[Collected data]
Start of Block

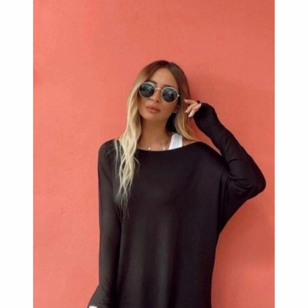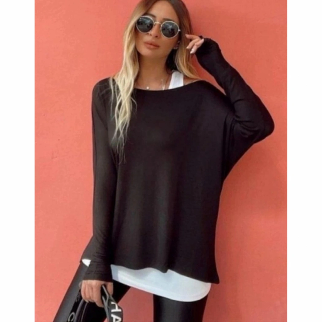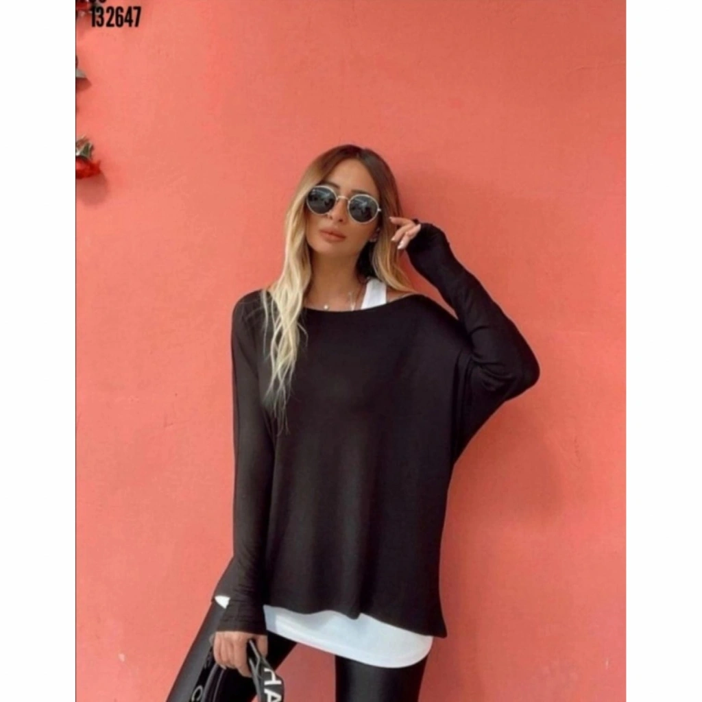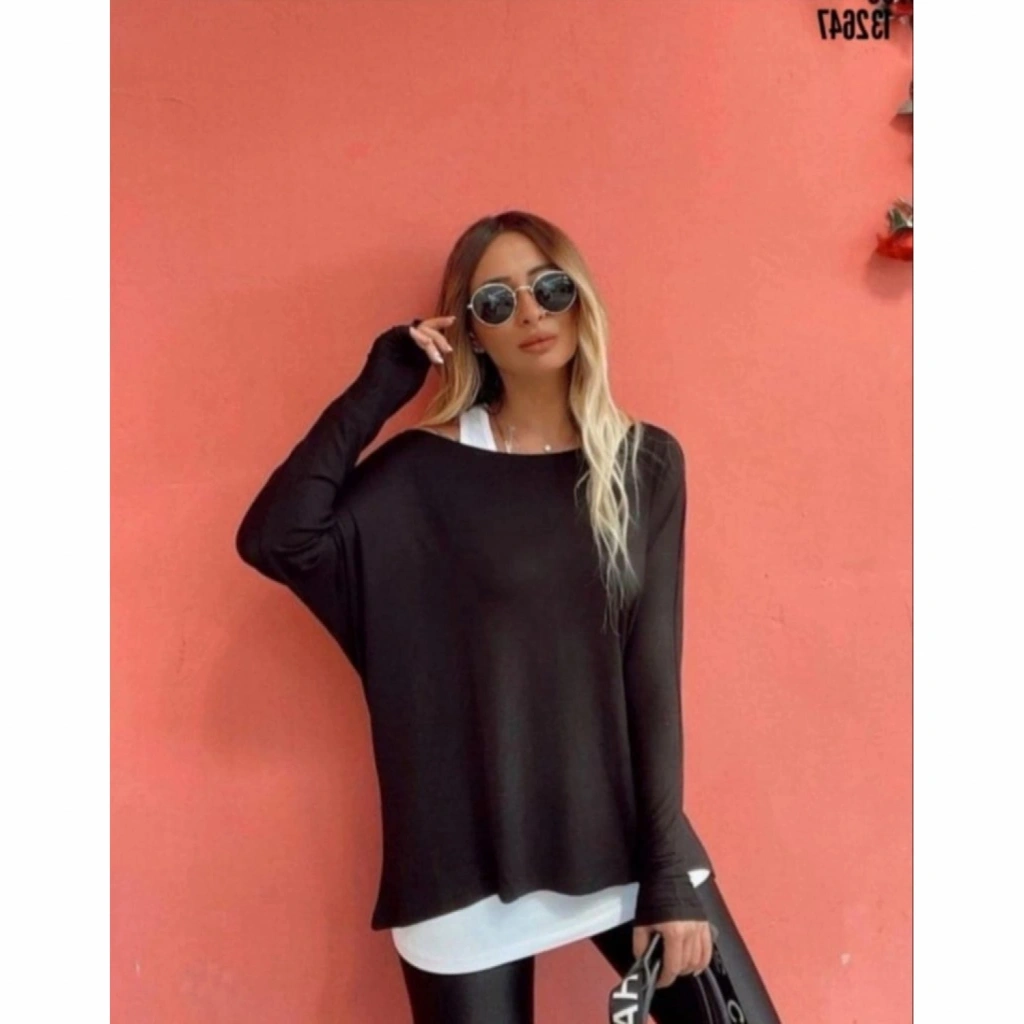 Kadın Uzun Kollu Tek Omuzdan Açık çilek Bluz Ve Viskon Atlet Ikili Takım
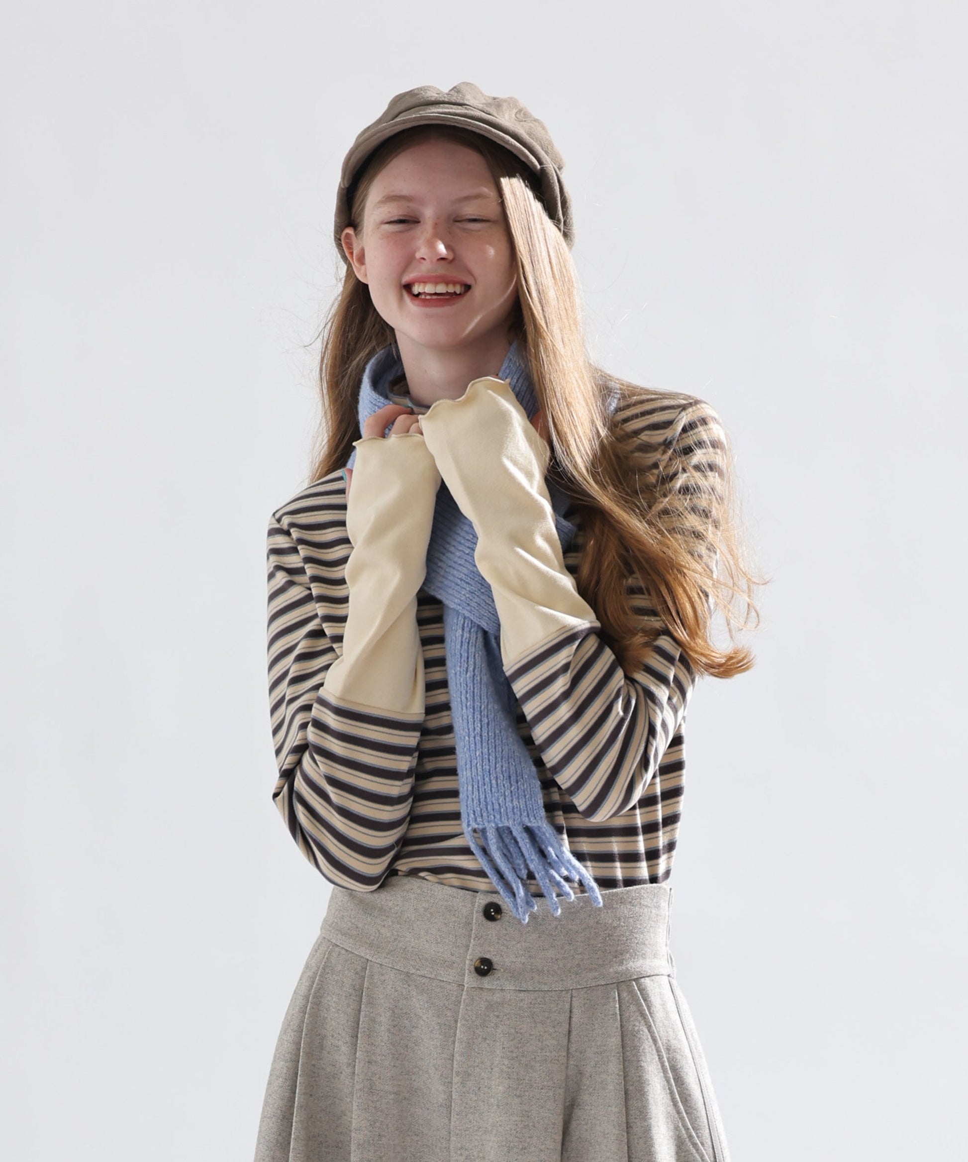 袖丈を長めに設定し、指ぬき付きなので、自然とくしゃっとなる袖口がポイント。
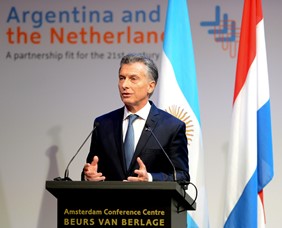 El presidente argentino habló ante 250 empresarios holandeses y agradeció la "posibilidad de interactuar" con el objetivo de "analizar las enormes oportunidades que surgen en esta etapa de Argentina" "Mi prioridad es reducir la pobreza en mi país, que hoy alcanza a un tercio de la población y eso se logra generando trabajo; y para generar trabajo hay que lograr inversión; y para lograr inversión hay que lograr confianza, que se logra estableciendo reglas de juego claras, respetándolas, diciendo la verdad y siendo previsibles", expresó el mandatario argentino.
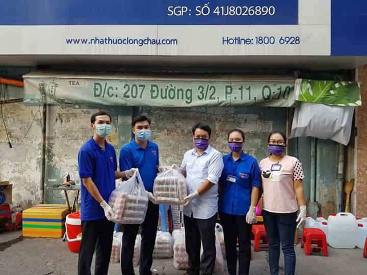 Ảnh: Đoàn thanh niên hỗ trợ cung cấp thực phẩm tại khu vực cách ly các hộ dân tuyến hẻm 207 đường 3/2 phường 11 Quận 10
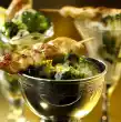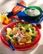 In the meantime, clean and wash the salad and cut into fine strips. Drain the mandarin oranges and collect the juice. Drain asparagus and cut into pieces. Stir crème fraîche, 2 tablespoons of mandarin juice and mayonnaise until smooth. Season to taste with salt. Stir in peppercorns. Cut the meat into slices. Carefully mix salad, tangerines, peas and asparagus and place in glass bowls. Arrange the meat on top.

End of Block

Extract, word for word, every line from the one containing "Ảnh: Đoàn thanh" to the end of the data above, both ends included, and leave out the pictures.

> [Problem solution]:
 Ảnh: Đoàn thanh niên hỗ trợ cung cấp thực phẩm tại khu vực cách ly các hộ dân tuyến hẻm 207 đường 3/2 phường 11 Quận 10
 In the meantime, clean and wash the salad and cut into fine strips. Drain the mandarin oranges and collect the juice. Drain asparagus and cut into pieces. Stir crème fraîche, 2 tablespoons of mandarin juice and mayonnaise until smooth. Season to taste with salt. Stir in peppercorns. Cut the meat into slices. Carefully mix salad, tangerines, peas and asparagus and place in glass bowls. Arrange the meat on top.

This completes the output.